= WORK INSTRUCTION =
Produce exactly the lines from the one holding "Home > Heavy" through the last line of the data below, with every picture left out.

= DATA BLOCK =
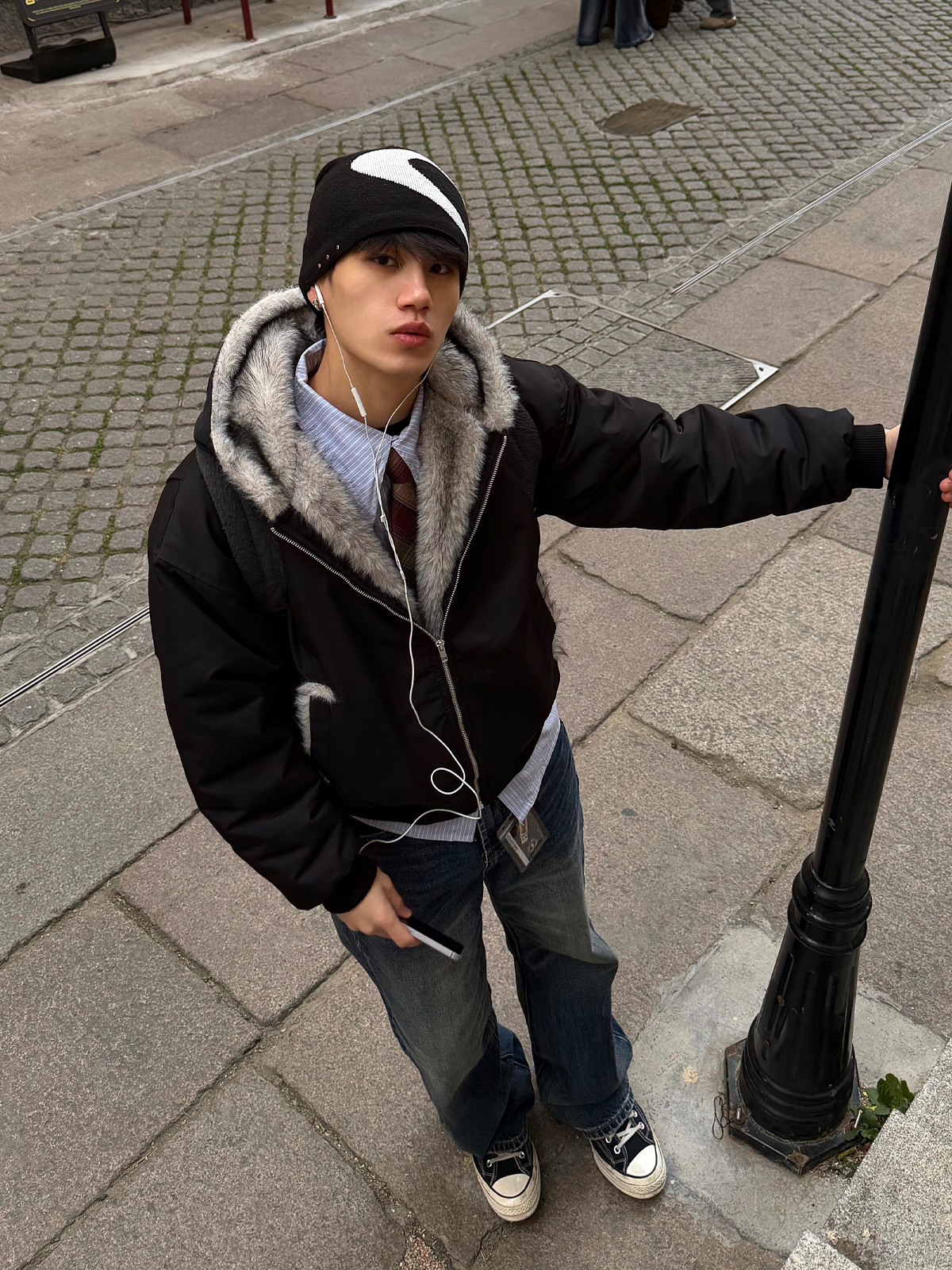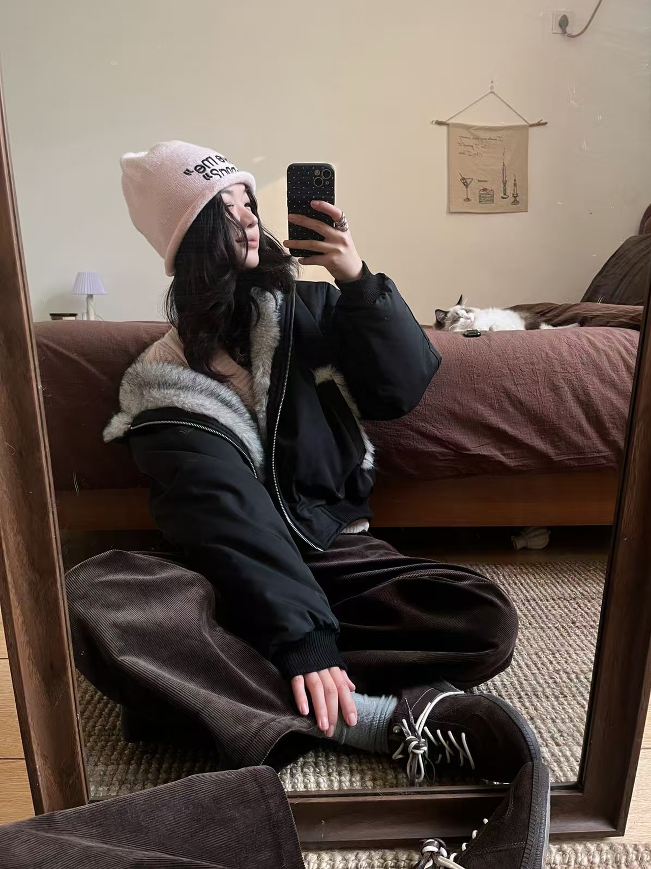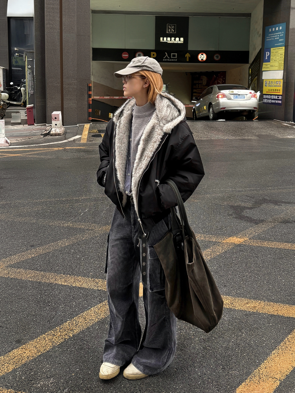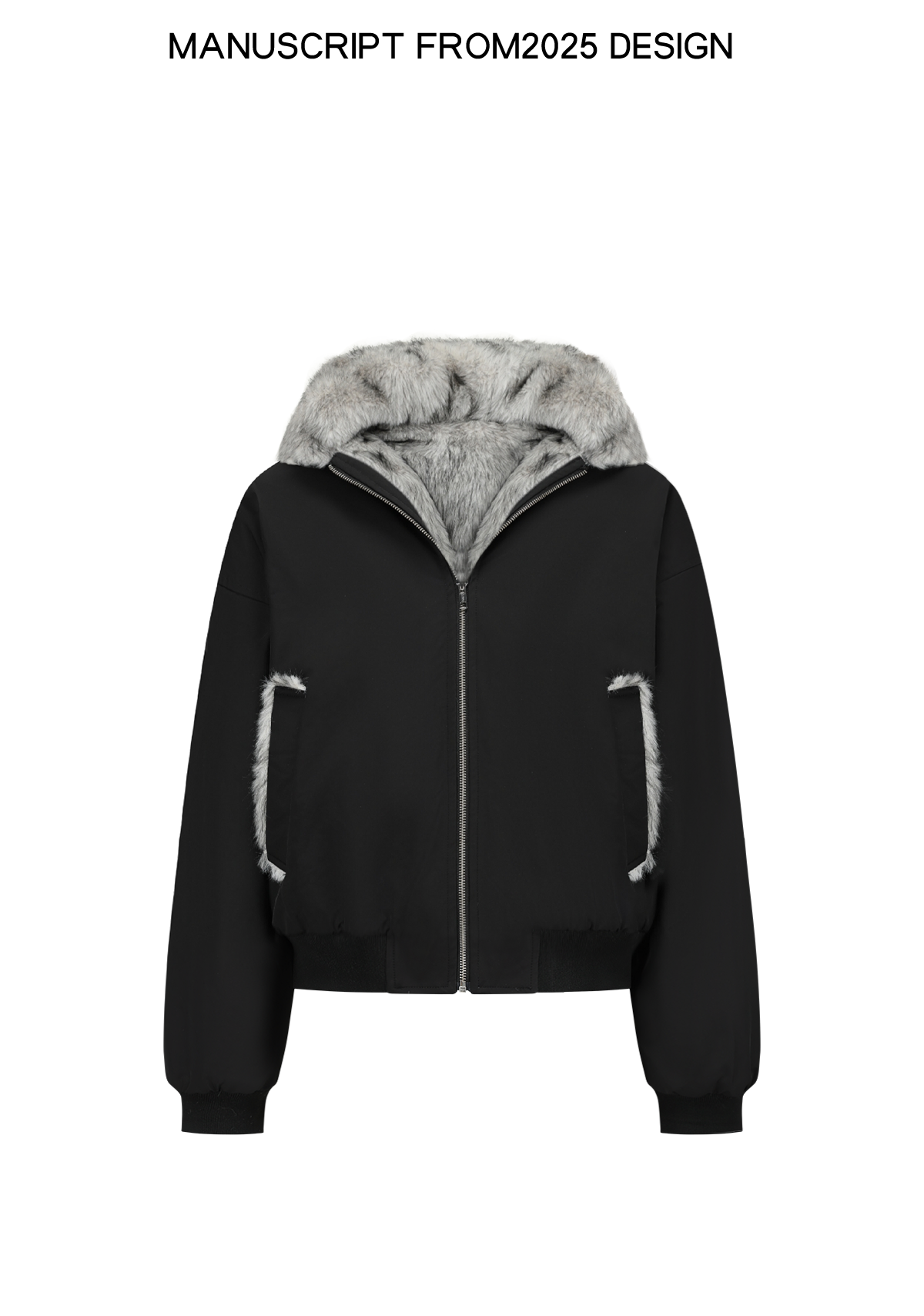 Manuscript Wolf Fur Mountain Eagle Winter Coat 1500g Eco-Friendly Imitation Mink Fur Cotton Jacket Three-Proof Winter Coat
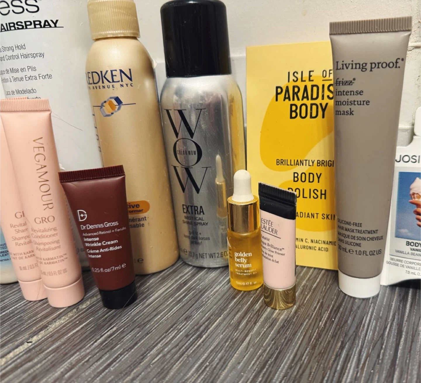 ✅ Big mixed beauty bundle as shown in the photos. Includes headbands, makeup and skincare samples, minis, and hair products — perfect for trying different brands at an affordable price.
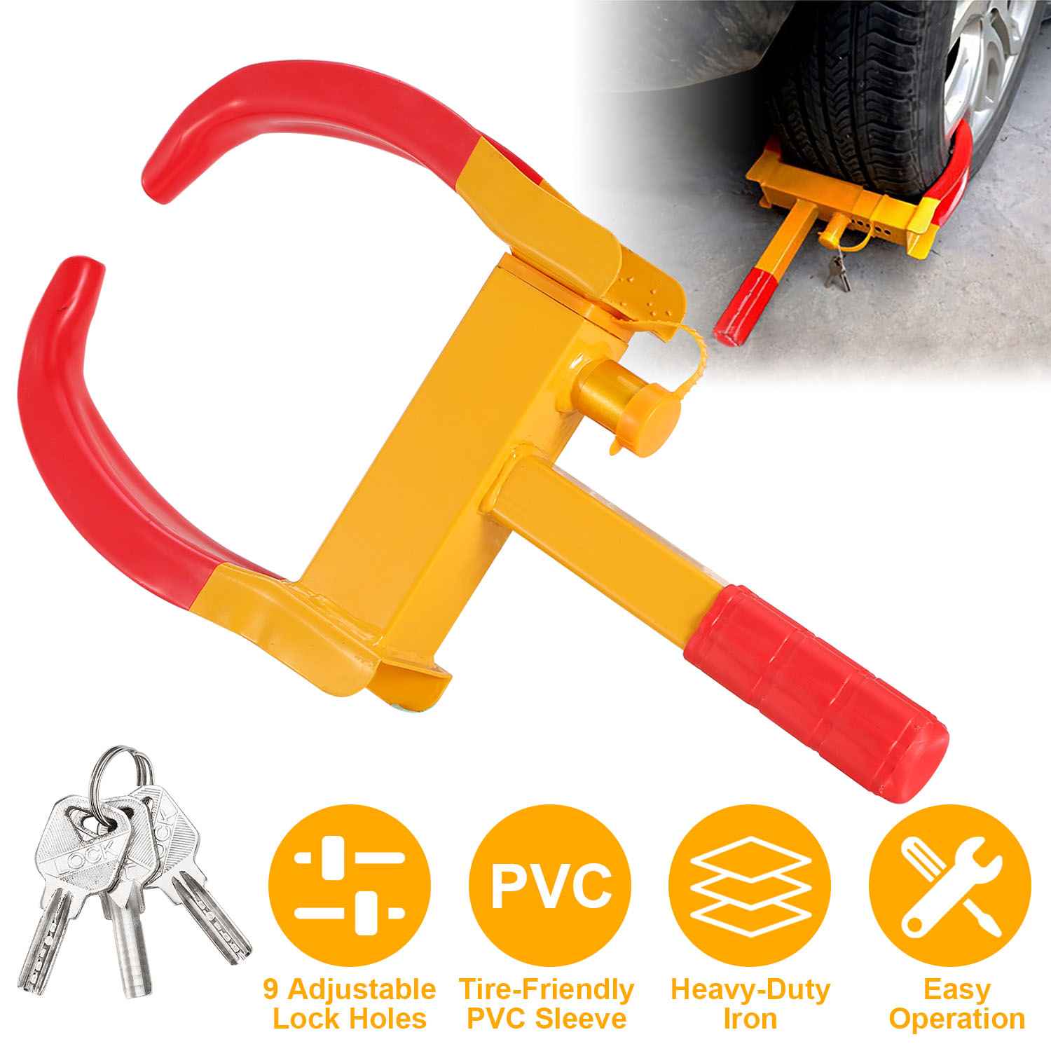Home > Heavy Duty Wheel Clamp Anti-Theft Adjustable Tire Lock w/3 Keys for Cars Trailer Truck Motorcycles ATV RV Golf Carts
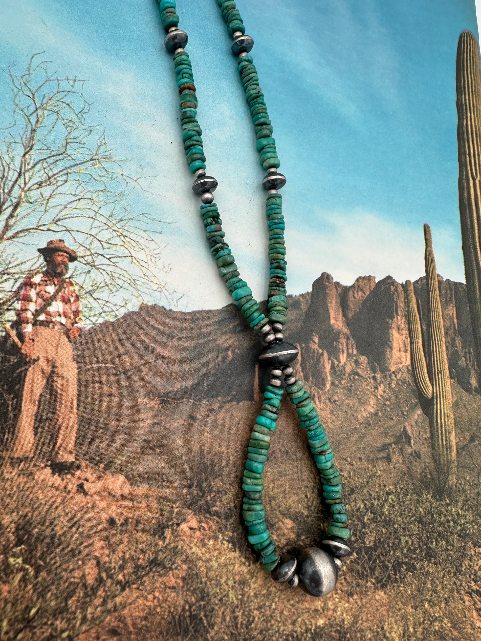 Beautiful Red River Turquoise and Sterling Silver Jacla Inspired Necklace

= ANSWER BELOW =
Home > Heavy Duty Wheel Clamp Anti-Theft Adjustable Tire Lock w/3 Keys for Cars Trailer Truck Motorcycles ATV RV Golf Carts
 Beautiful Red River Turquoise and Sterling Silver Jacla Inspired Necklace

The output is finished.